There is also no data indicating that current antivirals work other than anecdotal opinion as well. Since the vast majority of patients now recieve antivirals and there have been relatively few cases, I don't quite now how the conclusion can be reached they are effective given the mortality rate...which by the way, last time I looked, was increasing.
Considering all of the other medications that have recently been proven to do more harm then good, I think at this point a little proof would be in order...don't you think?
On the other hand...vaccines against secondary bacterial pneumonia do work...and are cost-effective unlike the current questionable seasonal influenza vaccine.
Tom: You keep perseverating about this. We've discussed the studies -- including actual clinical trials. The reason you can't understand it is that you continually ignore what there is. What constitutes "proof" in your book?
Revere.
Sorry for Perservating...never heard of the term out here in the country. /:0)
If the dike won't hold an inch of rain...then it is unlikely to hold a foot...and it seems as the days go by...there is growing subtle indication that current vaccines and antivirals don't work for the 'inch' of rain...seasonal influenza.
For example, if there is already substantial resistance of current antivirals to seasonal influenza, given their recent introduction and minor amounts of usage...why would we believe that they would be effective...at all...in the supernatural virulent currents of an H5N1-influenced pandemic.
The writing seems on the wall for all to see...especially given the early requirement to double the dosage in an attempt to make "a silk purse out of a sow's ear".
I also do not think that it is by coincidence that we are seeing improvement in virulence of seasonal strains...in an environment of ever increasing vaccination rates in the population.
As you would know...I am quite sure...there are potentially more downsides to a partially effective vaccine in the field then upside...and accentuated and artificially accelerated evolution of the virus is just one.
For example...what do you think of:
http://en.wikipedia.org/wiki/Original_antigenic_sin
The question asked would by why does it work in lab experiments with laboratory animals and then not in the field...this has been a relatively common event in the animal world in the past.

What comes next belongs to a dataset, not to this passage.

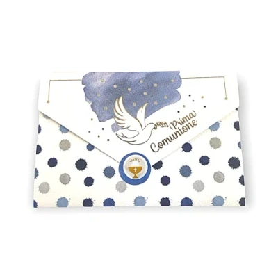 Communion Card for Child with Label Close Envelope, 11 x 16 cm (Blue Dove)
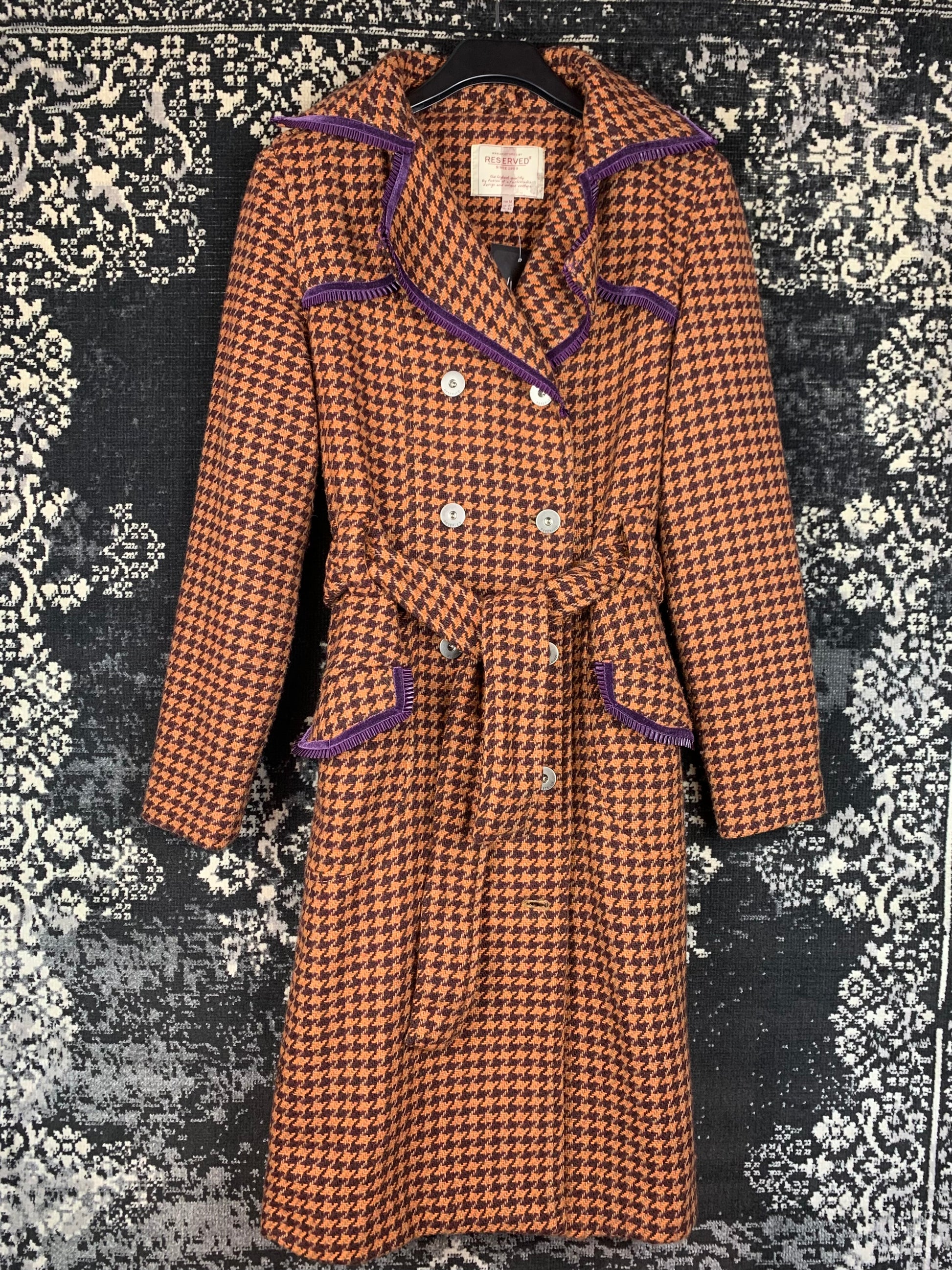 Reserved Vintage Houndstooth Wool Blend Coat with Purple Trim – Double-Breasted Long Belted Autumn Overcoat – Women's Size M – Retro Fall Fashion Outerwear with Button Cuffs and Lapel Collar

The answer is that researchers freeze-frame the virus in the lab so that it is not allowed to naturally circulate and evolve in an animal population in natural 'antigenic drift' away from the vaccine...
...so in the artificial condition of no evolution...the vaccine works...but that only works if we all live in individual bubbles isolated away from the population.
Here are some things that will work in a pandemic. food, water, antibiotics, maybe statins, anti-shock therapies, anti-fever remedies, secondary baterial vaccines (where a lot of the killing occurs anyway)...and telephone support to give advise to (rightly) worried young parents etc.
Here are three things that won't work in a pandemic (especially one a fraction as lethal as H5N1 - unfortunately): vaccines, antivirals, hospitals and person to person professional healthcare.
If you have provided the proof, I must have missed it.
Thanks and as always, this is meant to be constructive rather than destructive.
Sorry...forgot to mention...and Thanks gs for the wikipedia information.
...and by the way...those who think that an H5N1 pandemic won't happen because it hasn't...don'tunderstand nature and animal-related disease emergence very well.
H5N1 is following a well-worn path...and with my limited experience...I have not seen one get this far and not finish the job...unfortunately.